Abstract

Sites of ice-stream discharge to the continental slope build trough-mouth fans from glacigenic debris flows (GDFs), subglacial meltwater flows, and suspended sediment. Thus, past ice configurations may be interpreted from the sedimentological record. This study links the records in cores, high-resolution seismic profiles, and multibeam swath bathymetry of Hatton Slope and Fan to the changing glaciological history in Hudson Strait, one of the largest ice streams of the late Pleistocene Laurentide Ice Sheet. 14C-AMS dates, X-ray fluorescence geochemical profiles, and oxygen isotopes in sixteen cores document sediment supply during the last glacial cycle, and earlier history is interpreted from seismic data.

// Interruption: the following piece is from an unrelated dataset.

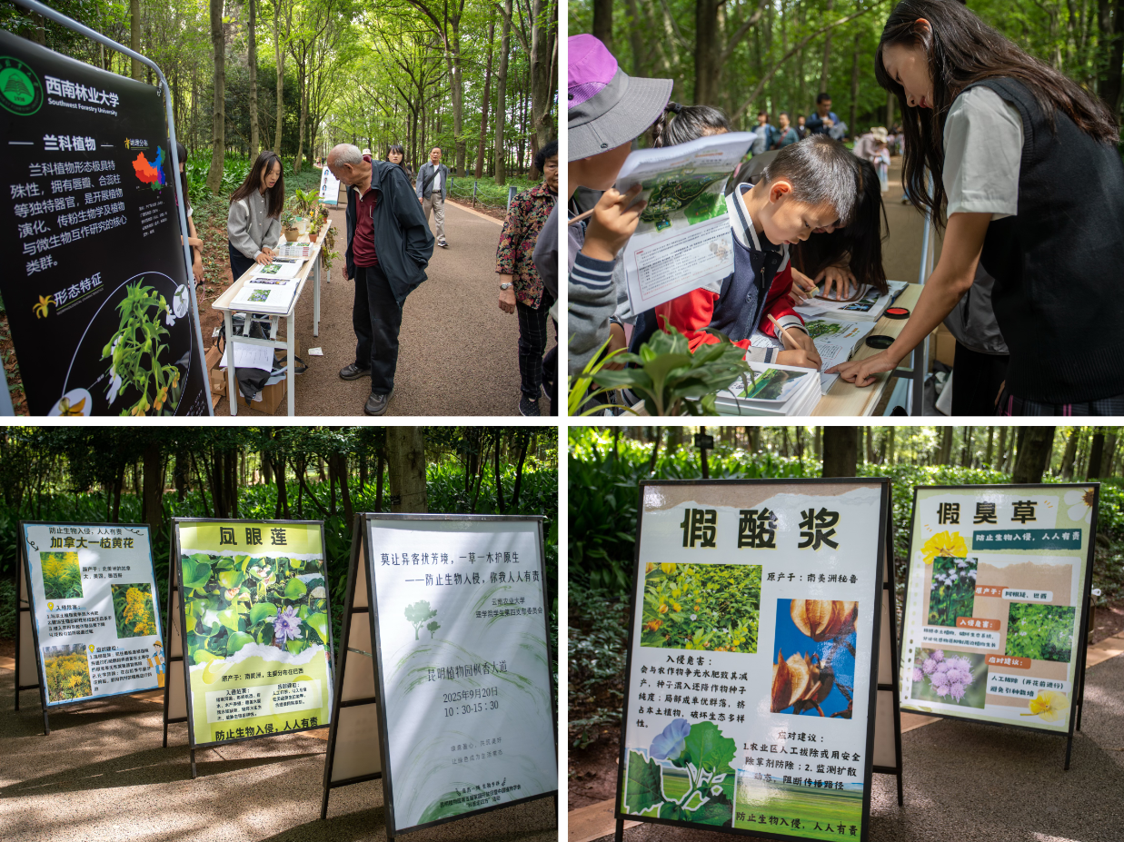 生态文明需要薪火相传。西南林业大学和云南农业大学理学院学生第四支部委员会的加入,同时为生态保护和人才培养注入了独特价值,他们是未来生态文明建设的主力军。西南林业大学的学生志愿者讲解兰花的多样性,让公众意识到保护野生兰花的重要性;云南农业大学理学院学生第四支部委员会的志愿者,则以生动形象的方式展示了“外来物种入侵”知识及守护国家生态安全的重要性。

The Frobisher Bay slope sector has a long record of GDF deposits from severe glacial periods between MIS 6 and 22, with little impact of meltwater discharge. Mass-transport events and aggrading gravel-floored valleys dominate the northern Hatton slope sector. The central slope sector shows the greatest shelf break progradation by till deposition, with kilometre-spaced gullies heading at 700–730 mbsl from the last major grounding of the ice-stream on the upper slope during Heinrich event 3 (H3). The gullies pass downslope into ∼5 km wide valleys, which have been sites of sediment bypass since widespread meltwater flow in MIS 6 and show little aggradation since MIS 16. Intervening >50 m high ridges show alternating levee accretion and erosion by shallow mass-transport events. Downslope on Hatton Fan, GDFs are common and fill wide erosional channels that lead to the sandy braid plain of the central Labrador Sea. The channels of the southern sector and Saglek Slope have channeled turbidity currents down the NAMOC, and stratified contourite deposits accumulated on the fan. Over the MIS 1–3 period widely represented by cores, ice was grounded in Hatton Basin and on the upper slope to 700 m water depth only immediately prior to H3. Older and younger H events had a floating ice-shelf in Hatton Basin, and sedimentation was dominated by the retreat of that ice shelf to Resolution Island. Distal cores show no systematic difference between the H1–top H3 interval and the base H3–H5 interval. Given the supply of carbonate detritus of consistent composition back to at least H5, any MIS 3 deglaciation of Hudson Bay would require improbably high growth rates of ice sheets in the centre of the continent.